Bunuel wrote:
If set S consists of the numbers n, -2, and 4, is the mean of set S greater than the median of set S ?
(1) n > 2
(2) n < 3
First we need to know how to get the Mean = Median condition, it happens when the set is evenly spaced. Hence n = 1 is right between -2 and 4 so -2, 1, 4 would allow Mean = Median. We can also have n = -8 in order to get -8, -2, 4 which also satisfies Mean = Median.

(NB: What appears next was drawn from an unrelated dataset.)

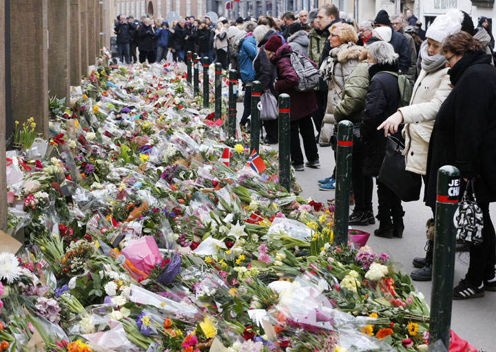 Denmark’s prime minister Helle Thorning-Schmidt said there was no indication that the gunman was part of a wider cell, but gave no evidence for that claim. She joined Danish Crown Prince Frederik, foreign dignitaries and some 30,000 people Monday night to honour the victims outside the Krudttoenden cultural centre.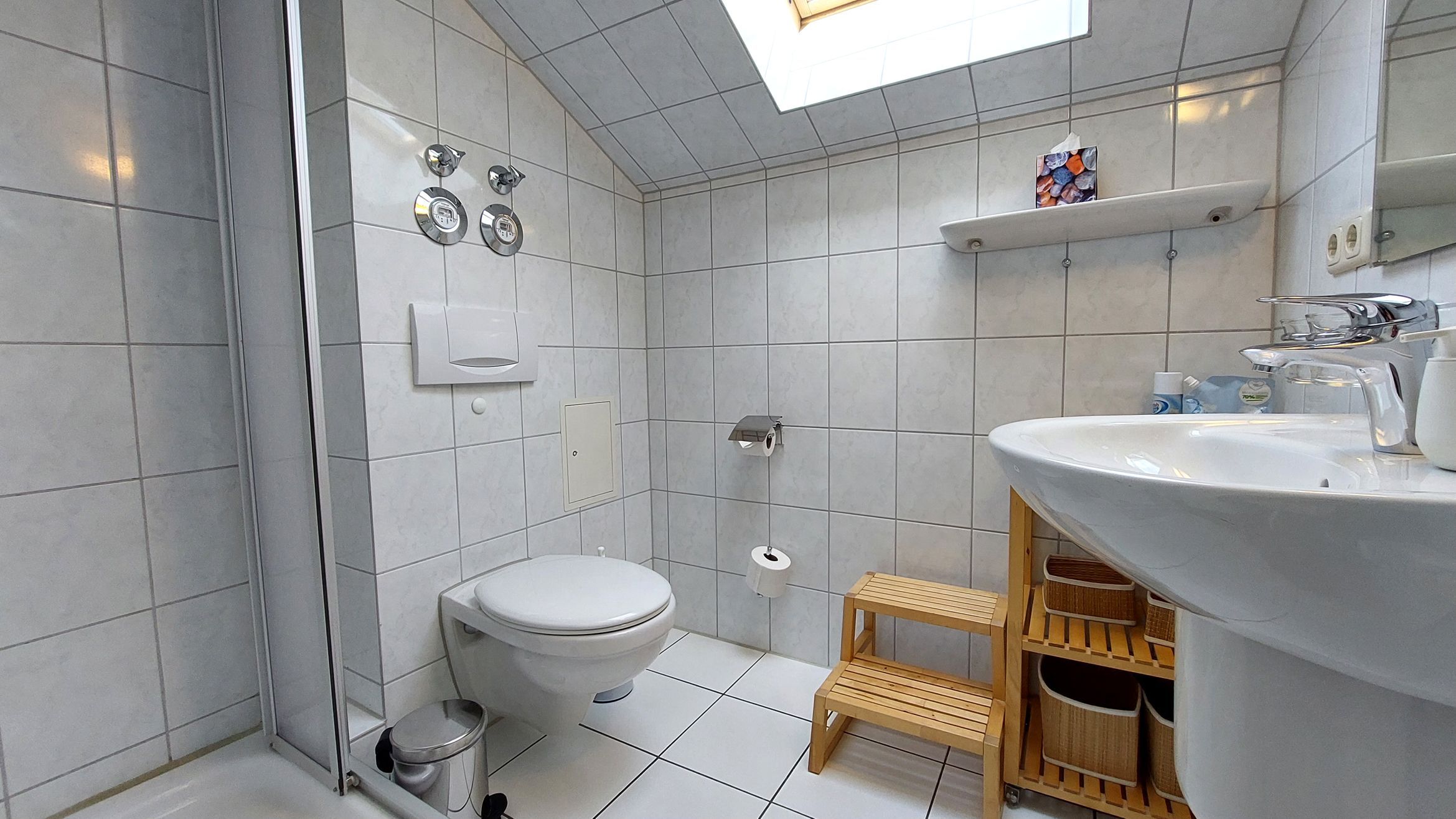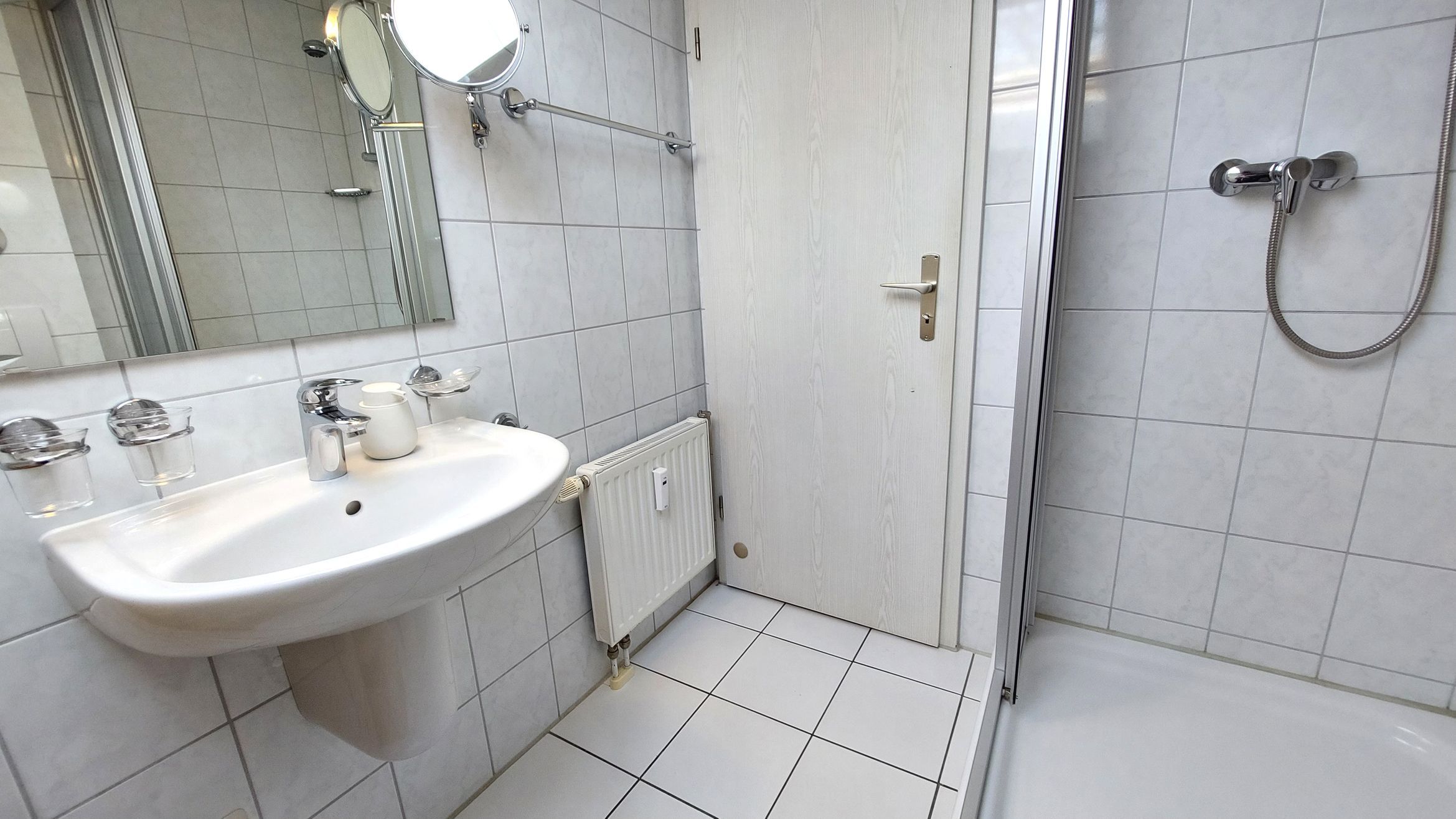 Das Badezimmer verfügt über Dusche und WC sowie einem Vergrößerungskosmetikspiegel.

Statement 1:n is greater than 2 so we can confirm -2 is the smallest integer in the set. Then either n or 4 is the median, depending on which is smaller. A good reference here is the evenly spaced set -2, 4, 10. When 4 < n < 10 the mean is smaller than 4 (the median), and when n > 10 the mean is bigger than 4 (the median). Since we have both cases this is insufficient.
Statement 2:Again let us find an evenly spaced set, -8, -2, 4 for example. When n < -8 we have mean < median. Also when -8 < n < -2 we have mean > median. Then statement 2 is still insufficient.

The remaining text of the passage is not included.